Council tax rise and £16m budget cuts approved

Gateshead CouncilImage source, Google
Image caption,

Gateshead Council have approved close to £16m of cuts

  • Published

Nearly £16m worth of cuts and a 4.99% increase in council tax has been approved by Gateshead Council.

The local authority will also make use of £6.8m of its reserves to help balance its budget.

Despite the use of reserves, the council has warned that they will need to make £49.5m worth of cuts over the next five years.

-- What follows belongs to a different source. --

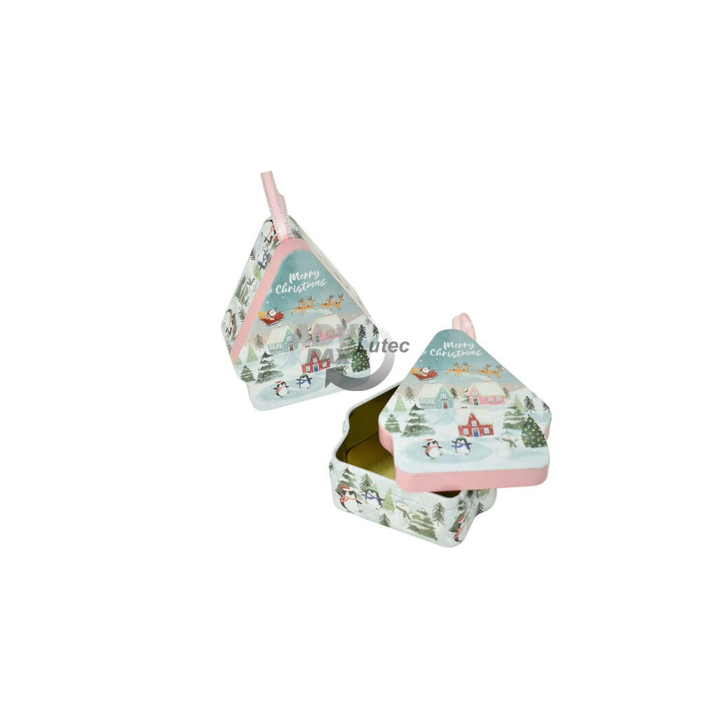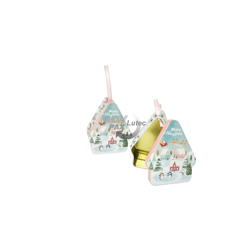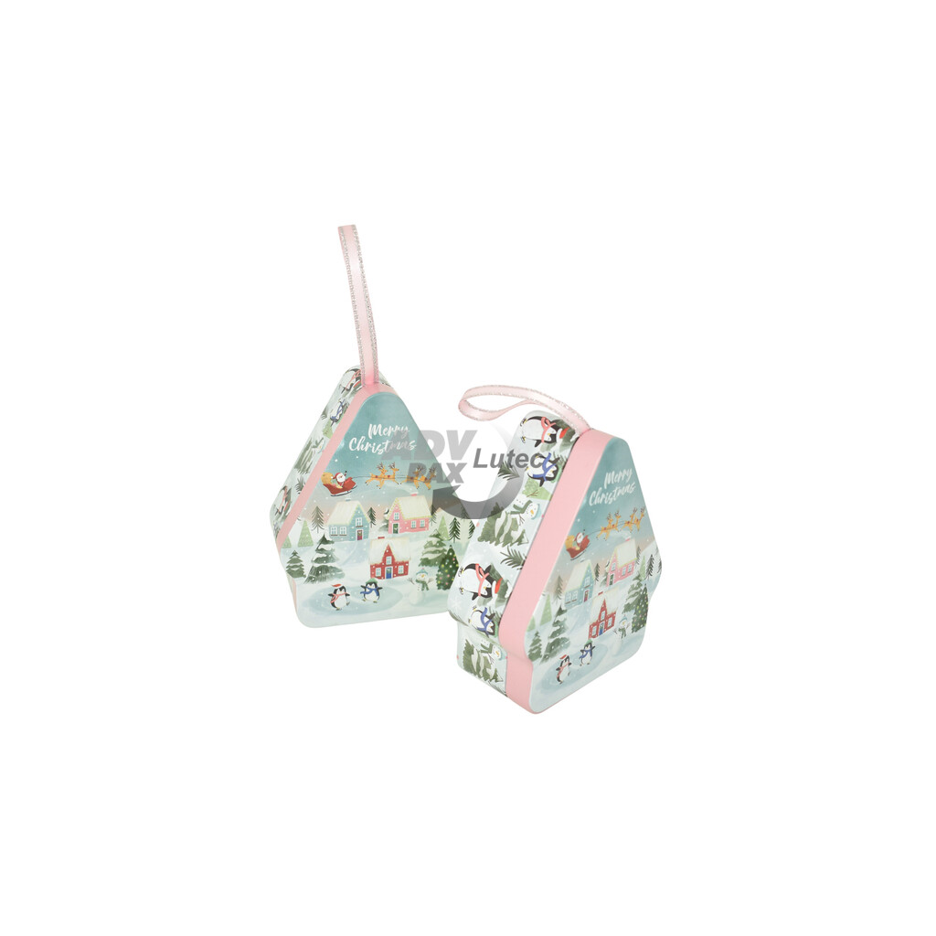 Haus Winter Schnee Dose Geschenk Weihnachten Aufhänger Dose aus elektrolytischem Weißblech Village House Merry Christmas

The council's Labour leader, Martin Gannon, said he realised the decision to raise council tax from April would not be popular, but it was one the council "must make" in order to keep providing services.

Budget cuts

Some of the moves agreed by the council for the 2024/2025 financial year include reducing its recycling budget and cutting its current adult social care budget by close to £5m.

Mr Gannon said that council tax rises were unpopular but required.

He also said that council tax rises could not make up Gateshead Council’s budget shortfall, as close to 90% of its properties were in lower council tax bands.

Therefore, he said, any rise in fees would not lead to as big an income increase as other regions of the country.

“We will continue to lobby government to try to ensure local services can be funded in a sustainable and fair way going forward,” he said.

The Liberal Democrat opposition leader, councillor Ron Beadle, voted against the budget.

He said: “This Labour council has excuses where it should have ambition, strategies where it should have solutions, plans where it should have performance. And how did we get to this point?"